Kraken leans into this model at DTECH by hosting the conference’s official networking reception. “You have everybody in the room that you want to talk to and that you want to make connections with,” said Ponizhaylo.
Build the experience
Major conferences offer tiered packages to reach a wide range of sponsors. Too often, marketers accept these without considering if they serve their goals. A more effective approach is to shape opportunities around what drives value for your company — this mindset shift can significantly improve your event ROI.
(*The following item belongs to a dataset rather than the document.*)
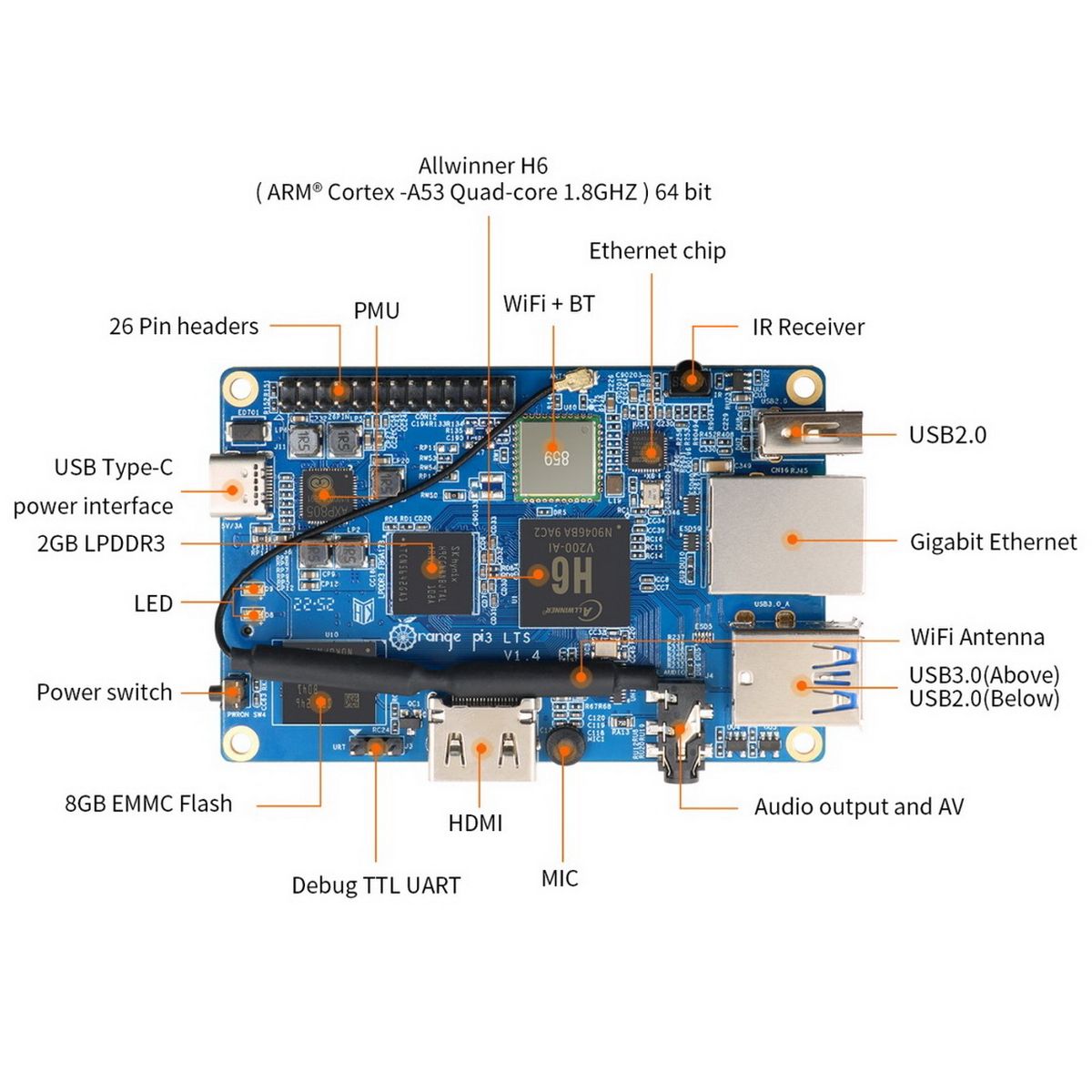 Orange Pi 3 LTS — это компактный и мощный одноплатный компьютер, который станет отличным выбором для различных проектов. Он оснащён четырёхъядерным процессором Allwinner H6 и графическим ускорителем Mali-T720MP2, что обеспечивает высокую производительность и позволяет запускать множество приложений.

“There’s never anything wrong with saying, ‘Is there a way that we can forego branded napkins and instead have a five-minute welcome speech?’” Ponizhaylo said. Building relationships with event organizers over time creates even more flexibility — opening the door to customized activations.
Sweat the details
Large events are complex, and even the most creative strategy will fall flat without the necessary infrastructure. Create a single source of truth for all logistics — agendas, booth staffing, meeting schedules, target attendees, and RSVPs — and conduct pre-event planning calls to align on goals, target accounts, and the competitive landscape so your team arrives prepared.
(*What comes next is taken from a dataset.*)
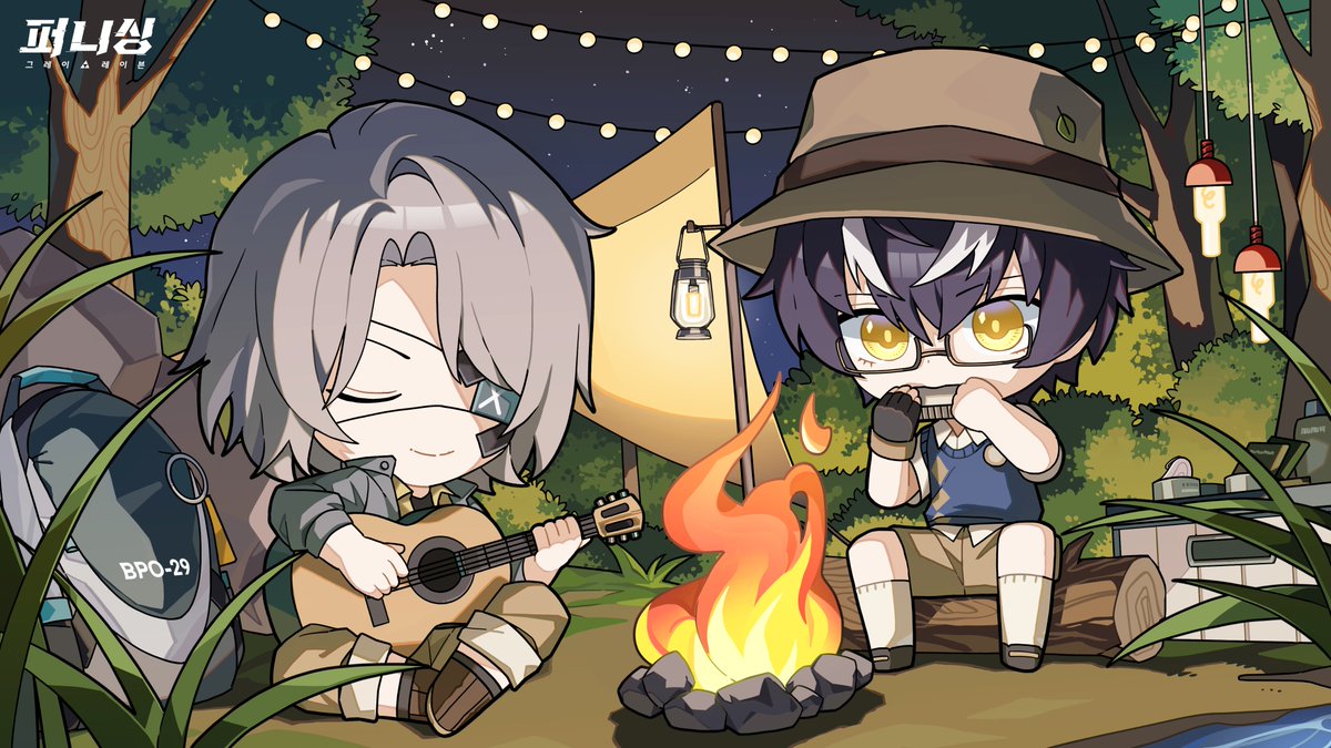 2boys alternate_costume bonfire camping casual chibi fire guitar instrument multiple_boys music night noan:_arca_(pgr) noan_(pgr) official_art playing_guitar playing_instrument punishing:_gray_raven sky watanabe:_epitaph_(pgr) watanabe_(pgr)

“It’s not a one-person show,” Ponizhaylo said. “You’re relying on your vendors, your organizers, your internal teams — communication is key.”
Measure what actually matters
Proving event ROI requires layering short-term metrics — booth traffic, marketing-qualified leads, sales-qualified leads — with longer-term indicators, such as brand engagement. Look for creative ways to quantify experiential elements, too. Kraken gives away branded plushies in exchange for charitable donations — a tactic that generates goodwill and provides a concrete measure of engagement.
Make it worth showing up
Strategy only gets you so far. “It needs to be an attractive enough event that people are going to want to attend,” Ponizhaylo said. “Make it really fun.”
That means entertainment and energy, but also warmth. “A lot of people come to these events alone or for the first time,” she noted. “These networking events are a great way to make people feel included and welcomed.”

The bottom line
The energy companies getting the most out of event marketing have stopped trying to be everywhere. They show up deliberately, invest where it counts, and create experiences — and relationships — that outlast the event itself. That’s what turns a conference event into a competitive advantage.